Sovereignties of air: the new strategic landscape

The Guardian writes today of a “new strategic landscape” taking shape as long-range Russian bomber patrols cross over into “remote areas” of ungoverned ocean air, brushing up against the aerial terrain of 21st-century British sovereignty – England scrambles its jets, phone calls are made, the crisis is defused – and as newly affiliated militaries co-simulate and train, linking distant nations in strategy.

[Image: A Russian TU-95; the TU-95s were originally “designed as bombers but are now frequently used for maritime reconnaissance.” They have recently been intercepted in the north Atlantic].

“A burst of war games and military manoeuvres around the world hints at a new strategic landscape,” we read.
NATO is training in Sevastopol, for instance, a former Soviet sea port; Japan, Singapore, Australia, and the United States are hosting “war exercises” with India in the Bay of Bengal; China has constructed “an intelligence listening post on the Cocos Islands” in that same Bay of Bengal (a future flash point?), even while helping Pakistan and Bangladesh “build deep-water ports”; and, of course, “Russia and China held their largest ever war games in the Urals last month,” during which uniformed men and armed helicopters terrorized fake villages and filled empty architecture with smoke.
Stripped of ornament and devoid of decoration, such training sites are the military’s version of a Modernist utopia: eminently functional, purpose-built, a testing ground for new forms of management and planning, they are temporary cities built for and by war – destroyed just as quickly by the forces that assembled them.
Meanwhile, repurposed jets fly above summer coastlines, radioing back and forth with coordinates and suspicious greetings.
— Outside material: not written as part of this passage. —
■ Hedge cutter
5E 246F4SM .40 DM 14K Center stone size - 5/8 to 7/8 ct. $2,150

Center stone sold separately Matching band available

4 thoughts on “Sovereignties of air: the new strategic landscape”

  1. It’s kind of like how the Olympics aren’t really about the games at all, but infrastructure and urban marketability, sports just being an entertaining by-product.

    or how facebook isn’t really about social networking, but is actually just a tool for data mining.

    I read today, in Forum Magazine (a PACOM publication) that in late 2006, the US and PRC completed a number of joint maritime exercises aimed at “advancing common objectives” and “increasing air and maritime safety”.

    and yet it also seems that the PRC is intent on hacking the pentagon?

    seems like maybe all these hot and cold wars are just an entertaining by-product of the ongoing advancement of a global military-industrial complex.

    -The AP.

  2. Hi Geoff
    I wanted to send you a press release, but since you do not publish an email address, I’ll do it this way: have you seen MIMOA yet? a new website on Modern Architecture in Europe that provides exactly the information you need to find and visit objects – in real life. http://www.mimoa.eu Developed over the past 6 months, it will officially launch next week, with a growing number of active contributors, projects etc.
    Let us know what you think!
    Best,
    N

  3. a) Some of the hard-right blogs I visit that you would THINK would be playing up the Russian menace are instead dismissing it, citing Russia’s totally destroyed economy. These bomber moves are seen as empty chest pounding, similar to Putin’s beefcake photo shoots.

    b) Have you seen the speculation that those missiles were actually being moved to the staging point for middle east equipment shipment? Perhaps this was intended to leak, in order to imply that nuclear weapons were being sent toward Iran.